• _Source data_:
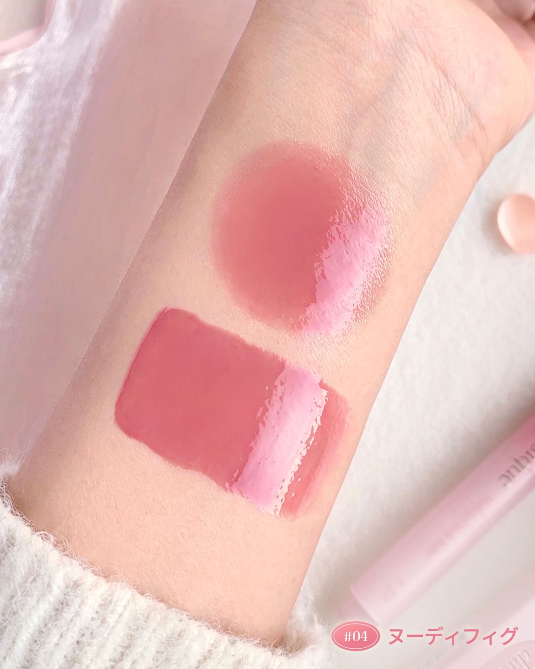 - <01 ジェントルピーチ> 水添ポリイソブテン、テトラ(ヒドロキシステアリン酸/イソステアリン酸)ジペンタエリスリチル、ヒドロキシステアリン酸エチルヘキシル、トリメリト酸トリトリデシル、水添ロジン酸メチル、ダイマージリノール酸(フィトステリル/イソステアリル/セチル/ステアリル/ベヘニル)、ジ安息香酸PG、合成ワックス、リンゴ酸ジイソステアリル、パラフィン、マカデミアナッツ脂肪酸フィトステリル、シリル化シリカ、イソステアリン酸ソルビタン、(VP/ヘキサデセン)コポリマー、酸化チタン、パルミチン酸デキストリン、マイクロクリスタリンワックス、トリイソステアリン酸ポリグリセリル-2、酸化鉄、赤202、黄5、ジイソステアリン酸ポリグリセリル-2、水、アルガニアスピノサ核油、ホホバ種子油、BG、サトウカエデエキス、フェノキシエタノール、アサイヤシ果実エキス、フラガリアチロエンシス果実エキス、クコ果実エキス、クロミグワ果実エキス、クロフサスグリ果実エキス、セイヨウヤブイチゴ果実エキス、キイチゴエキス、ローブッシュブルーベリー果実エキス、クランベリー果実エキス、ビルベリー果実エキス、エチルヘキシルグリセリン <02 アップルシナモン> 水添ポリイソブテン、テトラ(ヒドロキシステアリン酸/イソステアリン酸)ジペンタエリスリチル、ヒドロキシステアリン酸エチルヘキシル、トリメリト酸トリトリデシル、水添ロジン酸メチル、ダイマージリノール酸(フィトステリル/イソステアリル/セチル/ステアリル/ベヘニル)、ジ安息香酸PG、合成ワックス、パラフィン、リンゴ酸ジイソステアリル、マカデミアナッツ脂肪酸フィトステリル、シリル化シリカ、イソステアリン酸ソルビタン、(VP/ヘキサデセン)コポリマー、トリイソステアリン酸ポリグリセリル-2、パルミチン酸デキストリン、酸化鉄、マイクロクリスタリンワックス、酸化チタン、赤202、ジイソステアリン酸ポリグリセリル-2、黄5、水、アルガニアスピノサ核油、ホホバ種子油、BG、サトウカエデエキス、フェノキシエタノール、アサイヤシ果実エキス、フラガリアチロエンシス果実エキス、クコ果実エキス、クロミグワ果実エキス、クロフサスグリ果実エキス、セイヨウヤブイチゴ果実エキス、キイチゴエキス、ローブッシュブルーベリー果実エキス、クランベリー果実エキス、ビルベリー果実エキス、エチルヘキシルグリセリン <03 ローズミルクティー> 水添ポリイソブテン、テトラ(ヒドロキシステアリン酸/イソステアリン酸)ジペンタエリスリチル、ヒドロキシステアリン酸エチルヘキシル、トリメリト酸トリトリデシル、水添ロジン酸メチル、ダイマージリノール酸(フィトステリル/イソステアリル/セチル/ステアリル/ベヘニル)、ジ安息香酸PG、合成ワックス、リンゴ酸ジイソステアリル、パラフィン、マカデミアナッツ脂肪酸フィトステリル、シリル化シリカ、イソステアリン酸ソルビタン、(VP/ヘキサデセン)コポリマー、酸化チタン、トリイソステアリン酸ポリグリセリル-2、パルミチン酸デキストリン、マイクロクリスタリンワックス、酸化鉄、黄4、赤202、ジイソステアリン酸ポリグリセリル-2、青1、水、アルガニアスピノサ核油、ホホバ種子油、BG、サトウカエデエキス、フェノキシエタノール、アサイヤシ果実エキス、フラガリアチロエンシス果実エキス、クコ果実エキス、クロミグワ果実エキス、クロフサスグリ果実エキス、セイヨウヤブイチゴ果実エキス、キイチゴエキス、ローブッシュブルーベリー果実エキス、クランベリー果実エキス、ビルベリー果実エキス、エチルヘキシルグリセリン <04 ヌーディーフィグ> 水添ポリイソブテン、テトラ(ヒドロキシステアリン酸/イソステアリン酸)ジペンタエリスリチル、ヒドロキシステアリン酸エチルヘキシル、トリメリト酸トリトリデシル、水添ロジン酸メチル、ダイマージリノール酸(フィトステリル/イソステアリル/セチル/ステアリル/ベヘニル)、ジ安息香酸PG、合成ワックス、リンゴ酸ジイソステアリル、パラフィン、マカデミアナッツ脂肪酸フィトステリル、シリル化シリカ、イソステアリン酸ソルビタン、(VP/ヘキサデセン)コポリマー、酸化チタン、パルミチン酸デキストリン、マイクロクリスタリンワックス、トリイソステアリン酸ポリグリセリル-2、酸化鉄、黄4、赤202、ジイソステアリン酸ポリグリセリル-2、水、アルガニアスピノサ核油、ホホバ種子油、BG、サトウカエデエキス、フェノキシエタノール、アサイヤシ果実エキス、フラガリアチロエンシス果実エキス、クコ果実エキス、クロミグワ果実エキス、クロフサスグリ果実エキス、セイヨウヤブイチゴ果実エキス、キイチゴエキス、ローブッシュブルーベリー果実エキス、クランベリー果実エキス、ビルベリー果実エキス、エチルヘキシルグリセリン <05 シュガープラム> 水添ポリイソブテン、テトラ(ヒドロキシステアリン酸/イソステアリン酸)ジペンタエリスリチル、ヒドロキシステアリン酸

* * *

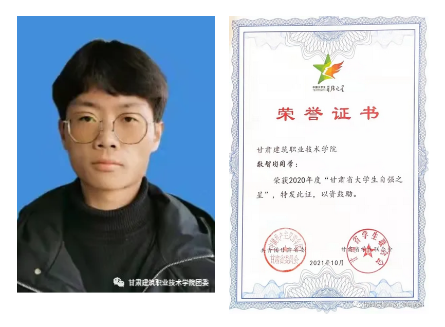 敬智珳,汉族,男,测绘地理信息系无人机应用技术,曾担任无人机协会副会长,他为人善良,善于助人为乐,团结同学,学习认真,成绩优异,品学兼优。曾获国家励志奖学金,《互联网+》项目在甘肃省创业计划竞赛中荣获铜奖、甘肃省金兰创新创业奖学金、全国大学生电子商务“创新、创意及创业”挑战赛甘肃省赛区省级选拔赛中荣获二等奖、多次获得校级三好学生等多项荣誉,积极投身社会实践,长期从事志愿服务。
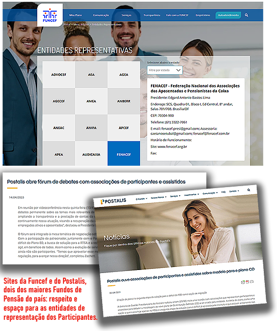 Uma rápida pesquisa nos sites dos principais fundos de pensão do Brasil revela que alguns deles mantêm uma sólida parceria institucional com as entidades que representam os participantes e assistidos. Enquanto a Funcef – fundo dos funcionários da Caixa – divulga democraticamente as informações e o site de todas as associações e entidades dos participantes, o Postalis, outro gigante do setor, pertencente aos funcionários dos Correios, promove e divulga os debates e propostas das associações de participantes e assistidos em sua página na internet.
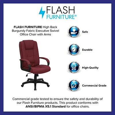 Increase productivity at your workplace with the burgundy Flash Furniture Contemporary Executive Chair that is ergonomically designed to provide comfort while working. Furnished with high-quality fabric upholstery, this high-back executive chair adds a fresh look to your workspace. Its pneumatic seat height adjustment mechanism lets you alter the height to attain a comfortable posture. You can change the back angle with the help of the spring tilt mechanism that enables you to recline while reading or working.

--

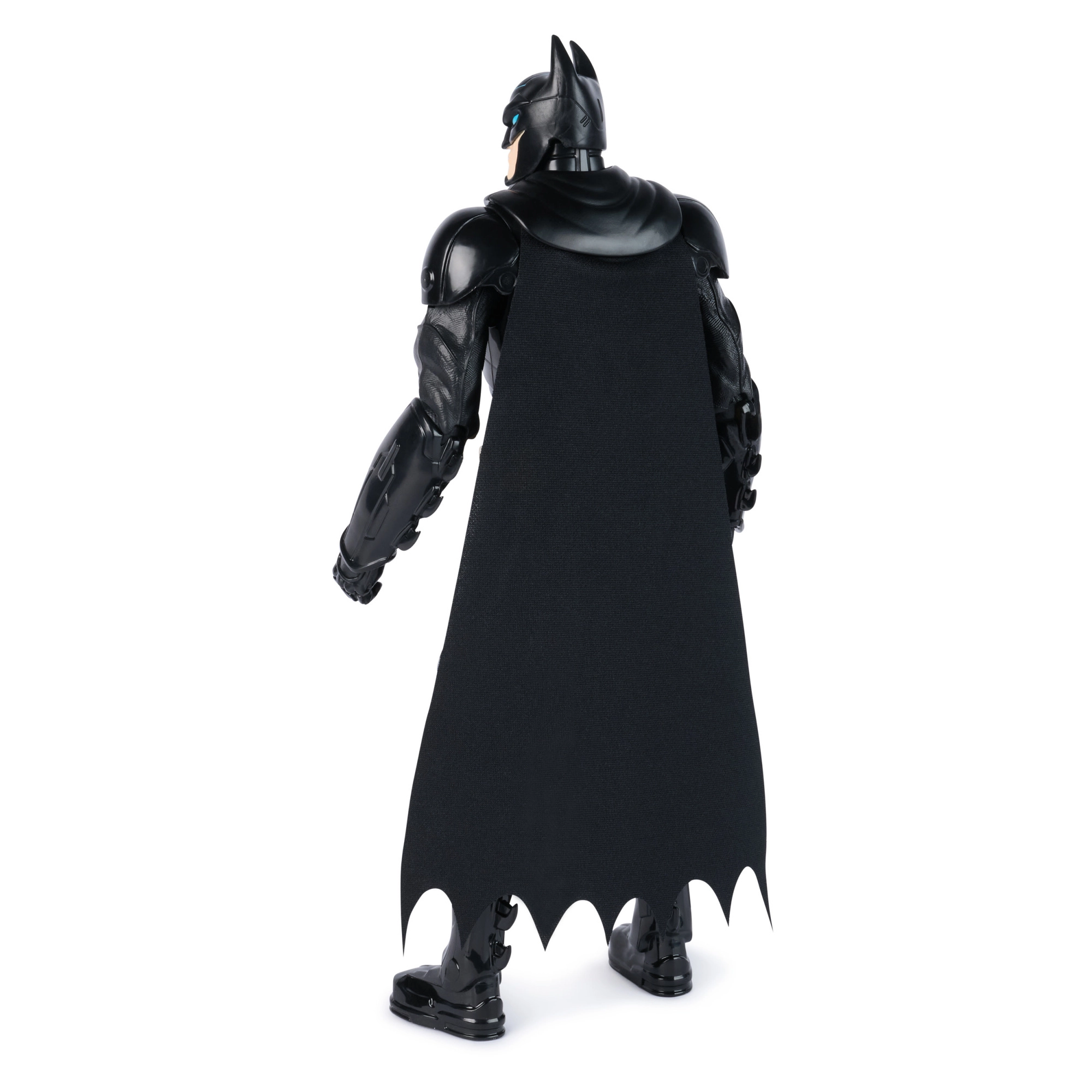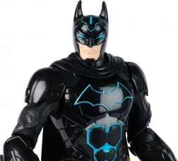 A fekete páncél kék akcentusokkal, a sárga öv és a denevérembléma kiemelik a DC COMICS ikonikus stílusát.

• _Requirement_: Going by the entries above, repeat exactly the lines that start at the line with "Uma rápida pesquisa" and go on through the line with "Increase productivity at". Pictures are not part of the copy.

• _Result below_:
 Uma rápida pesquisa nos sites dos principais fundos de pensão do Brasil revela que alguns deles mantêm uma sólida parceria institucional com as entidades que representam os participantes e assistidos. Enquanto a Funcef – fundo dos funcionários da Caixa – divulga democraticamente as informações e o site de todas as associações e entidades dos participantes, o Postalis, outro gigante do setor, pertencente aos funcionários dos Correios, promove e divulga os debates e propostas das associações de participantes e assistidos em sua página na internet.
 Increase productivity at your workplace with the burgundy Flash Furniture Contemporary Executive Chair that is ergonomically designed to provide comfort while working. Furnished with high-quality fabric upholstery, this high-back executive chair adds a fresh look to your workspace. Its pneumatic seat height adjustment mechanism lets you alter the height to attain a comfortable posture. You can change the back angle with the help of the spring tilt mechanism that enables you to recline while reading or working.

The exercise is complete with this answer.